Is that why we drink coffee and eat chocolate to speed ourselves up and make ourselves feel a little more edgy and nervous and so stressed-out in a way that we can react to things faster? Is that possibly?

Simon Scotting: Yes, I think so, what Daryl was saying about this fighter-flight mechanism we sort of take to the lesser brain that we have in our heads. I mean, just coming here today, I was in a taxi and sort of looking at the time and saying: “Oh, its going to close at 11” but I can feel myself really focused actually. One more minute is OK, we are this much further and I’m always actually thinking clearer under that bit of stress.

How easy is to condition people? Should we be conditioned to be able to handle stress? Is it not dangerous?

Daryl Seager: I think being conditioned mentally can have benefits, and it also can have negative consequences. I think it depends in terms of what you are dealing with. Stress exists if we go back to the basics of this fight of flight principle. It protects ourselves. If you are then conditioning yourself not to be afraid of something that might work in particular situation, but you might come across one were that is quite devastating. You might end up hurt or possibly killed. If you talk about wild animals, if you think that the rustling in the bushes is just the wind, is nothing.

If we are going to war, we might be conditioned, or we are on drugs? I’m talking about Chinese soldiers before the Tiananmen Massacre, lots of undocumented evidence that these guys were given some kind of narcotics to be able to do what they had to do. You can condition people that always don’t experience stress.

Daryl Seager: Is not that they don’t experience stress, is that it is suppressed, I think. But it then has quite significant psychological repercussions. They’ve been stories in Africa as well of these child-soldiers and they fed a diet of cocaine and gun-powder with alcohol. The healthiest conclusion is to condition them in a certain way. But then you look at the psychological impact after many years and there are huge amount of traumas. So yes stress can be suppressed.

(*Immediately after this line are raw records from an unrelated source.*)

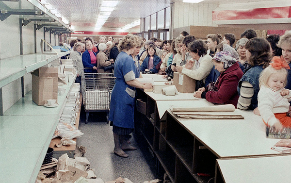 Читаю комментарии и диву даюсь. Сейчас положительно оценивают ситуацию только те, кто не жил в то время или просто был чем то обижен в то время. Зачем понадобился рыночный курс доллара, в то время? Он вообще не нужен был. Считалось, что тогда обувь за границей, была лучше. Но, это длилось только до тех пор, пока не купил заграничные сандалии, после развала СССР. Пока дошел в них домой, все этикетки прилипли к носкам, а сами они расползлись… Тираспольская обувная фабрика продолжала печатать советскую обувь и ее обувь стала цениться выше импортной. Это факт. Только Молдавия отправляла сотни вагонов овощей и фруктов (не фур, а вагонов). С дальнего востока вагоны рыбы. Где сейчас рыба и ее красная цена? Ни одну страну мира не омывает столько морей и океанов! В Украине, колхозы получали вагоны сос свежей рыбой для откорма свиней. То, что сейчас происходит в магазинах, так называемое изобилие. Это еще хуже, чем дефицит. Люди, в большинстве своем просто не могут купить. А дефицит, постоял да и взяп. Хочешь купить, займи очередь не хочешь иди домой. Имели и колбасу и к ней. Это действие теле пропаганды в течение 30 лет. Тот кто платит, заказывает и музыку. Для советского народа, было дикостью, узнать как в 60-тые года США вывозила в океан и сбрасывала рыбам миллионы тонн зерна, что бы не снизить цены на рынке. А теперешние бизнесмены считают это нормой. Потому что цены никогда не снижаются… Молодежь! Ищите и смотрите советские фильмы, а не пародии на них, которые сочиняют сильные мира сего…
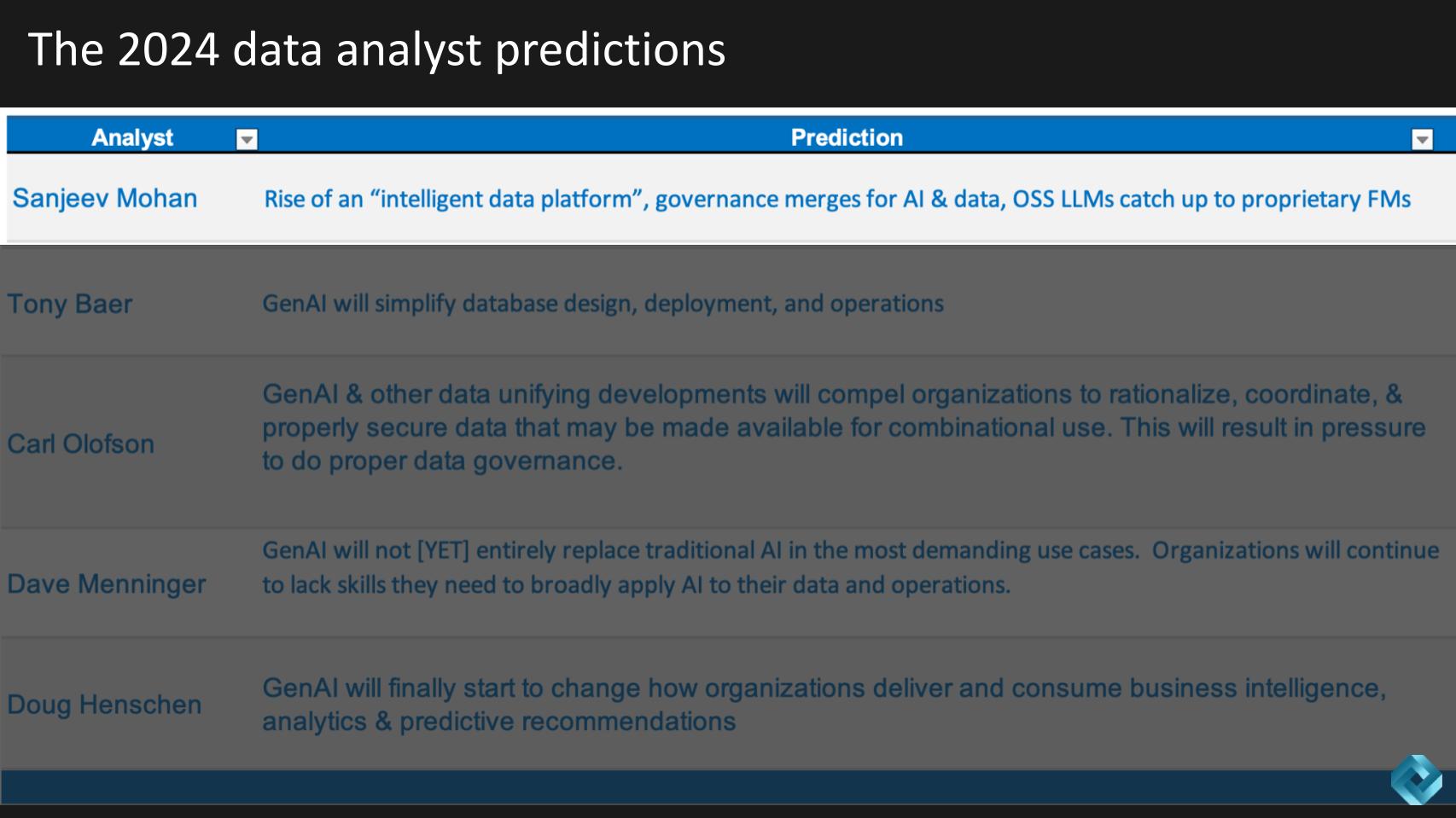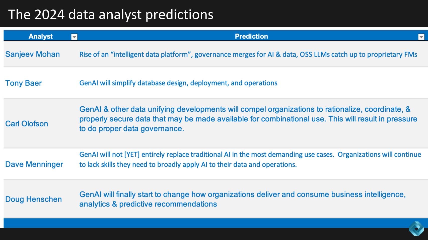 Below we show a table of all the predictions for 2024. All of them have AI included, but the forecasts span new data platforms, governance, metadata, database, skills gaps and more, so let’s get into it.
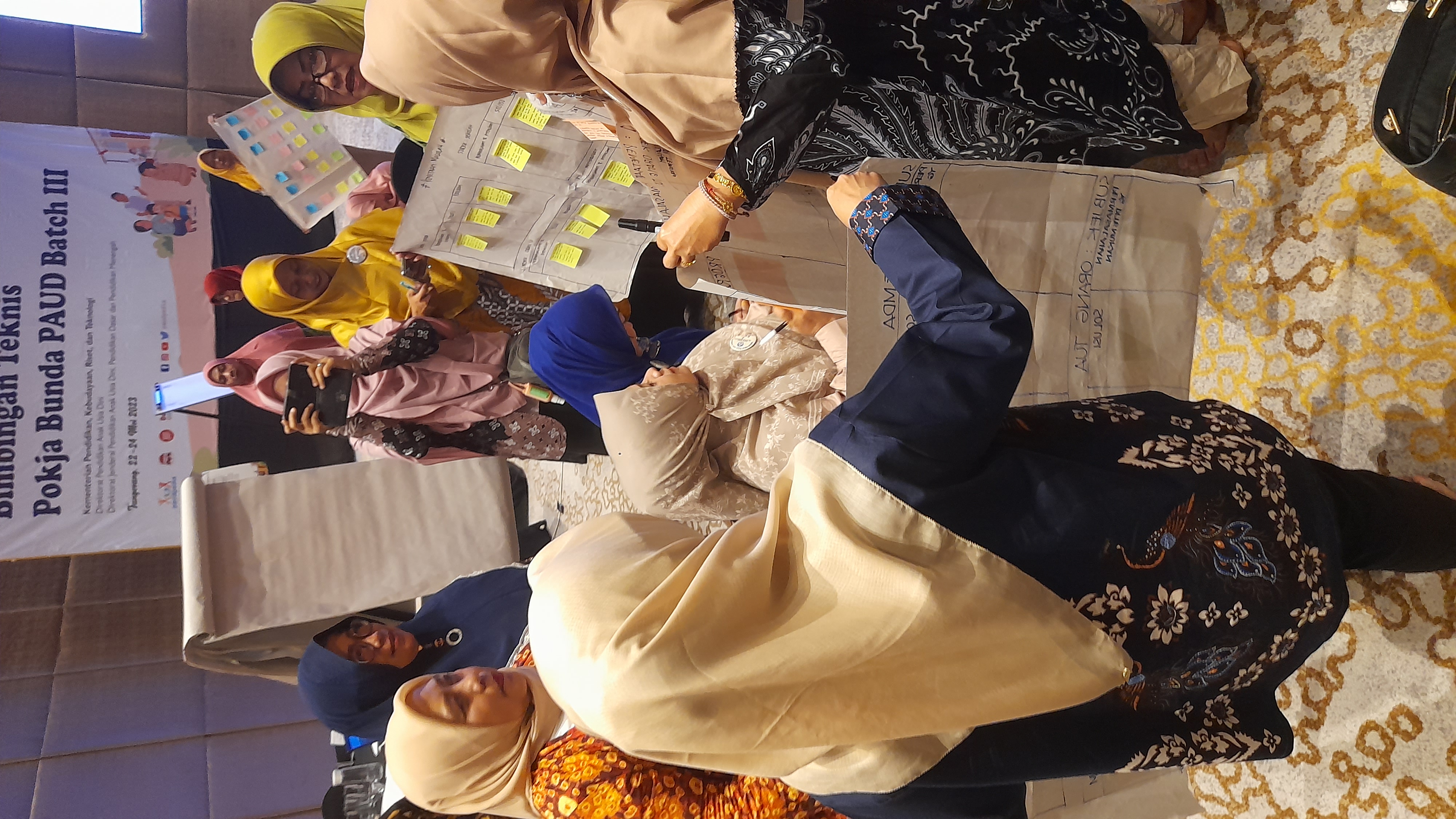 Keseruan semakin bertambah ketika sejumlah Pokja Bunda PAUD lebih memilih menuliskan gagasan diatas kertas sambil duduk diatas lantai. Sebagian lagi tampak membuka gawai untuk mencari inspirasi rencana strategis paling tepat untuk daerahnya dalam mengawal serta mengimplementasikan Gerakan Transisi PAUD ke SD yang Menyenangkan.
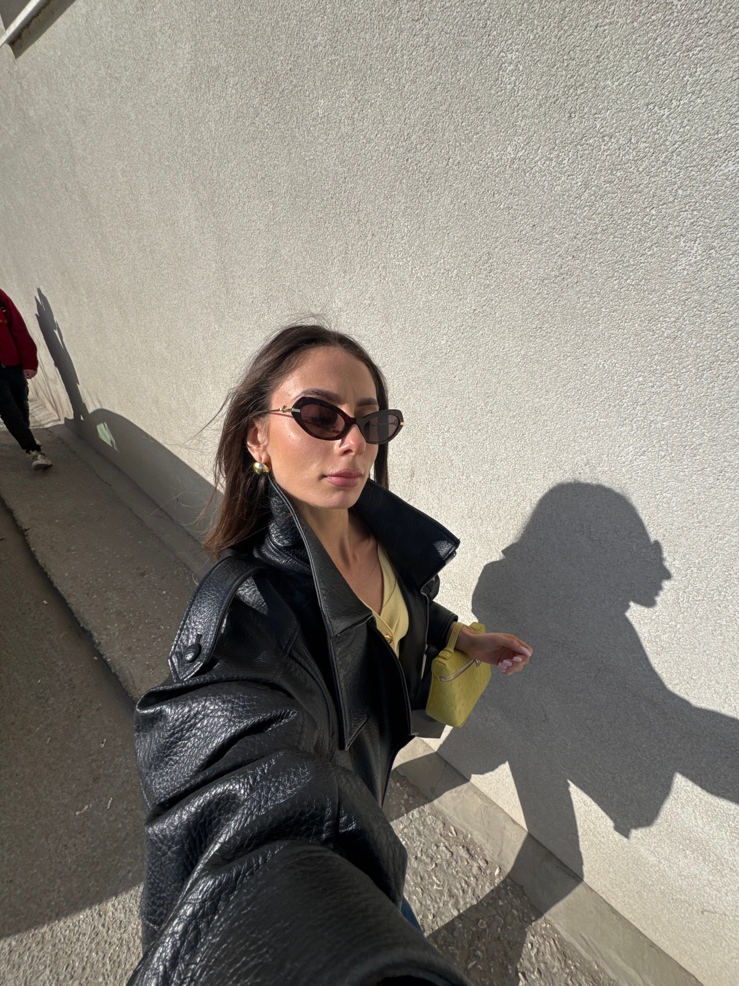 The image displays a woman posing outdoors under bright sunlight, captured from a low angle, seemingly looking towards the camera. She occupies the lower right portion of the frame, wearing a black le…read more
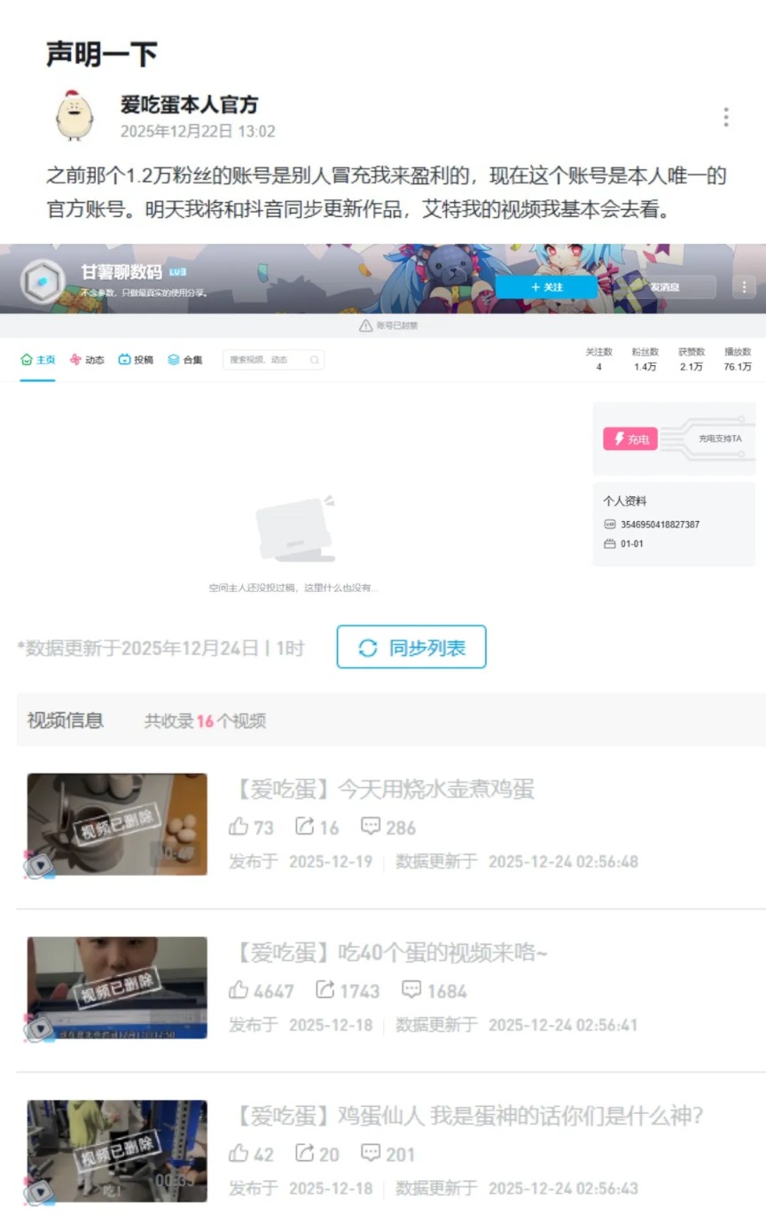 目前,多平台均存在一些名字类似“爱吃蛋”或者搬运其视频的账号。其中,B站账号“爱吃蛋本人官方”日前发布声明称,之前有一个1.2万粉丝的账号是别人冒充我来盈利的,现在这个账号是本人(在B站)唯一的官方账号。简介显示,该账号现已交由他人运营,IP地址为广西(“爱吃蛋”系山东人)。
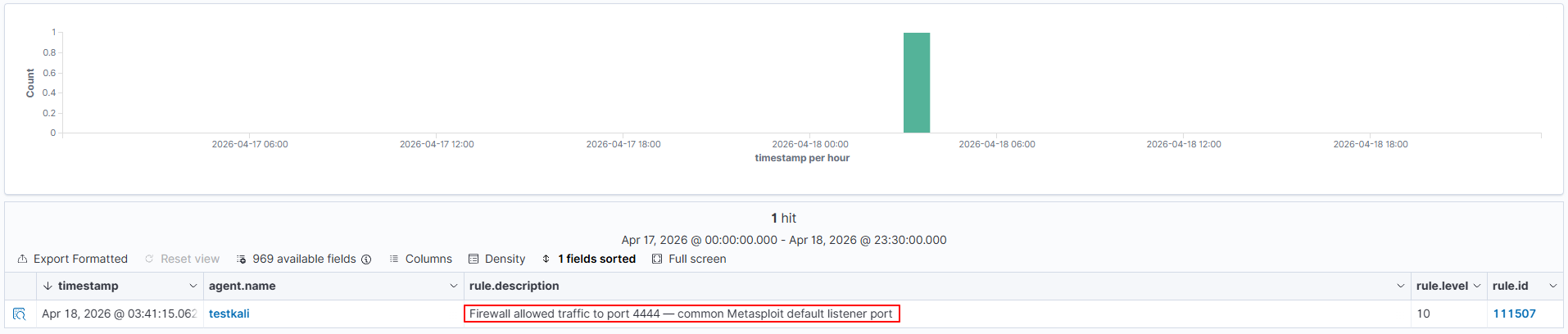 <description>Firewall allowed traffic to port 4444 — common Metasploit default listener port</description>
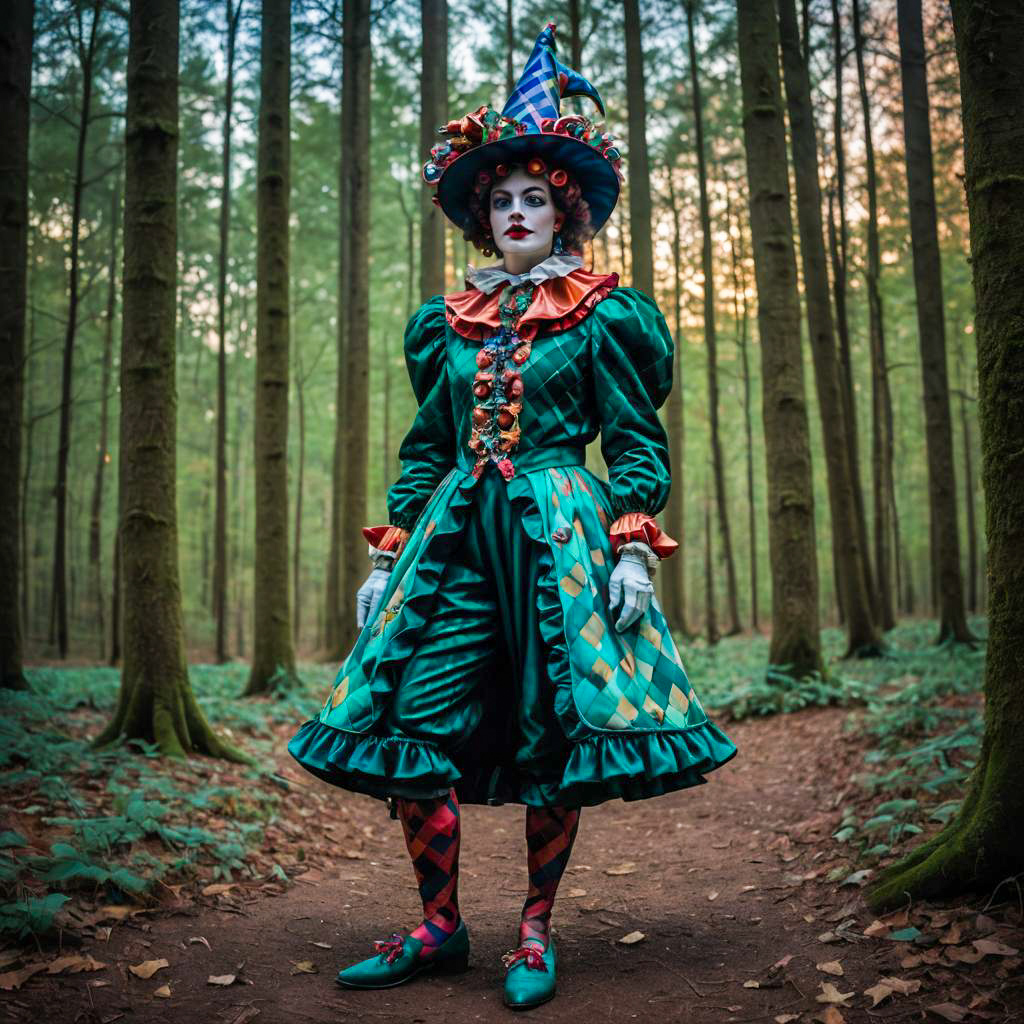Person in Vibrant Harlequin Jester Costume in Twilight Forest

What do you do when you get stressed?

Daryl Seager: I try to lean into it, I try to figure out what’s causing me stress and if I eliminate that or solve that, that will probably make the stress go away.

So you actually analyze why you’re feeling that, what the causes of this problem are, going back to the cause of the problem and it seems to alleviate it?

Simon Scotting: I think more looking forward in the sense of if I get rid of this or I solve this or I do this that will get id of the stress in the future, so that’s going to motivate me to do something now, is the fact that I’ll get rid of this stress, this feeling that I have. And that’s actually is going to help me.

Looking forward. Is that something that you also do, Daryl? To project forward when there is a situation of great stress?

Daryl Seager: I think it depends on the individual. There are different things that you can do when you are stressed, to avoid it. One of them has two parts: If it is a positive thing, as Simon is saying, is going to spear you on, great!, carry on doing that. If it is having a negative impact, then what you need to do is you need to look and stop what you are doing and look at what’s the root of that stress.